A los pocos días empecé a tener síntomas leves. Una noche me desperté con fiebre y me acordé de Samuel. Pensé: «Señor, ¿me has llamado?». De golpe, procedía estar unas semanas separada de todos, sobre todo de María. Pero no cambiaba nada, pensé, porque mi consistencia no está en lo que hago, ni aun cuando lo que hago sea algo tan necesario y bello como lo es para mí dedicarme al cuidado de mi hija. Mi consistencia está en que yo soy hecha y amada en este instante. Así que, si el Amado quiere ahora llevarme dos semanas a una habitación y quitarme todos los quehaceres, yo obedezco, pues seguro que tendrá preparado algo grande para mí.

Han sido unos días de Cuaresma especial, unos días privilegiados para abrir la vida a Dios, para permitirle actuar en el silencio. En cuanto a María, me daba cuenta de que era ocasión para abandonarla al Misterio en manos de mi marido y de mis hijos. Este paso, que para mí implicaba un desgarro, era capaz de darlo con agilidad porque tenía la certeza de estar obedeciendo.

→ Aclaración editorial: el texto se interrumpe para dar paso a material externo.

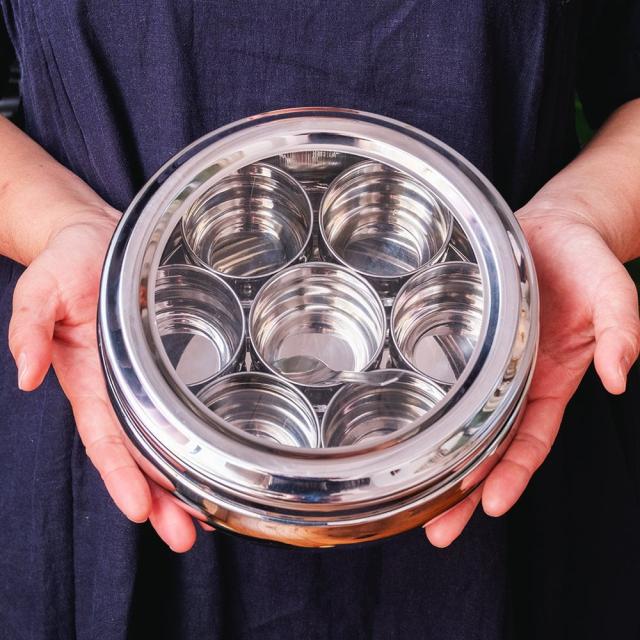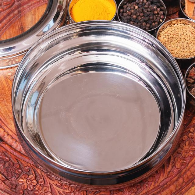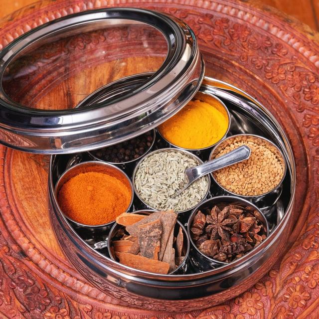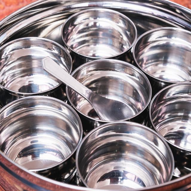7種類のスパイスを保管できるマサラケース。ステンレス製なのでにおいが移らず、お手入れも楽ちんです!よく使うスパイスを常備しておけば、お料理の強い味方となってくれるでしょう。スプーンが1つ付属しています。

Me ha acompañado mucho la Escuela de comunidad cuando decía que lo que yo soy no coincide con lo que siento o pienso de mí, sino con lo que piensa y quiere de mí Jesús. Esos días suplicaba esta mirada y me reconocía amada por Él en múltiples detalles: desde abrir los ojos y caer en la cuenta de que un día nuevo comienza, en el que las cosas están ahí, ese árbol que se ve desde mi ventana, los pájaros, las nubes y el cielo que van cambiando de color, las paredes de la habitación, yo misma; la fidelidad de mi marido que me traía la comida en una bandeja, sin dar por descontado que tenemos comida cada día; la disponibilidad de mis hijos para ayudar con su hermana, haciéndola disfrutar con sus poco delicadas maniobras según me cuentan, una amiga que me trajo una mascarilla de las buenas… Días para pensar en todas las personas que el Señor ha puesto en mi camino y desear mirar a cada una con verdadera veneración, porque son el signo que me permite llegar al Ser. Uno que me ama antes de mi respuesta.

En cuanto al miedo por el posible contagio de mi hija una vez que el virus ya parece estar dentro de casa, se ve derrotado cuando vuelvo a dejar que su Presencia prevalezca. Así, esas dos semanas transcurrieron con bastante tranquilidad y apertura, para crecer en la intimidad con Jesús, deseando que la situación general que atravesamos me toque profundamente y mendigando mi conversión.

Salí de la habitación hace unos días y me daba cuenta de que todo me resulta muy normal, que yo soy realmente la misma. Es decir, que esté en un sitio o en otro, esté en la cama con fiebre o me vuelva a ocupar de María, sé quién es ella, sé a Quién se lo hago y sé Quién es mi consistencia. «Ya vivamos, ya muramos, del Señor somos».